Besides, we have also largely failed to prevent industrial effluents and sewage from entering freshwater lakes and rivers, and condoned the indiscriminate digging of borewells to compensate for rising urban pressure on land.

Every day 1450 mld water is supplied to Bengaluru city, 70 percent of which is from the KRS catchment area, dried by peak summer and no rainfall, while the rest is from Kabini (which also fluctuates depending on water upstream).

There are also 10,000 borewells used by people to draw water, of which 1,000 are defunct.

Bengaluru has a thriving urban ecosystem to support

The latter may especially be true in Bengaluru’s case where population growth has put a strain on the city’s natural resources and led to the depletion of lakes and wells. The city, as predicted, is paying the price for years of rapid urbanisation.

The revised master plan for the city, published by the Bengaluru Development Authority (BDA), has predicted that city’s population will increase by approximately 8 million and reach 20.3 million between 2019 and 2031.

Poor water management and inefficient city planning has further led to drying taps and falling groundwater levels, increasing the dependence on borewells and water tankers. Private vendors are capitalising on this crisis

News18 spoke to activists working towards highlighting the impending emergency, who reported that water is being auctioned to highest bidders in some areas of the city. Borewells have already reached depths of 1,500 feet and below, they said.

According to a report in The Hindu, Ramesh Reddy, a private water supplier for over two decades in southeast Bengaluru, said that demand for water had almost doubled over the last one month as borewells were drying up. 

Water riot or water security?

If there is no adequate rainfall by July end, the BWSSB will start rationing water supply to the city. Officials are also contemplating drawing water from Sharavathi and Linganamikki, a project that will leave rural hinterlands dry and thirsty at the cost of easing urban droughts.

The unfolding situation in Bengaluru thus demands laws that incentivise reviving of local water resources, and penalises the use of imported water.
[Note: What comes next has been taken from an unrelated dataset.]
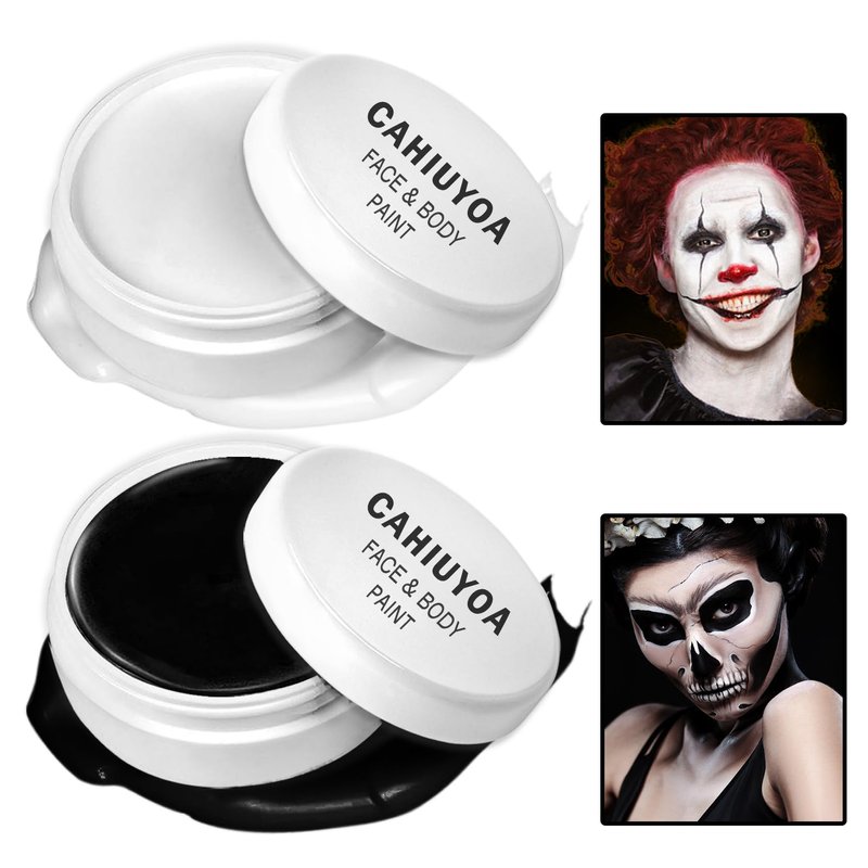 CAHIUYOA 2PCS Black White Face Body Paint Clown Makeup Kit,Halloween White Face Paint SFX Makeup Kit,Professional Face Painting Kit for Adults and Kids

That may avert water wars wrought by tanker businesses. Carbon fines should also be imposed on water that needs to travel.

Subsidies must be completely removed from water from the Cauvery, and provided to every ward that ensures that local lakes are kept clean and maintained, and local wells are recharged. Empowering the local communities, that once planted trees and built lakes to trap rainwater, is the only way forward.

The Karnataka state government is also thinking of banning new apartment constructions for the next five years, until the water crises in the City improved. In fact, all industrial operations – private or public – that require huge amounts of water must be scaled down until the coast is clear.

Why it matters

The connection between India’s population and its water sources is deeply personal and bound by religious-historical lines. But the country’s much-discussed water scarcity has turned its rivers and lakes into political tools domestically as well as weapons in international relations.

Water riots have begun in Bundelkhand, Uttar Pradesh, while agricultural belts across Gujarat, Madhya Pradesh and Maharashtra have been dealing with some of the most acute perennial drought spells in history.

As India’s water crisis has begun to make headlines across the world, a recent survey by the Indian Institute of Human Settlements shows how rapidly the per capita groundwater availability is declining. According to it, in 1951, it was 14,180 litres a day, by 2001 it reduced to 5,120 litres, and is expected to come down to 3,670 by 2025.

Over half of the wells in India are seeing a fall in water levels and a total of 21 major cities are estimated to run out of groundwater by 2020, concluded a landmark report last month.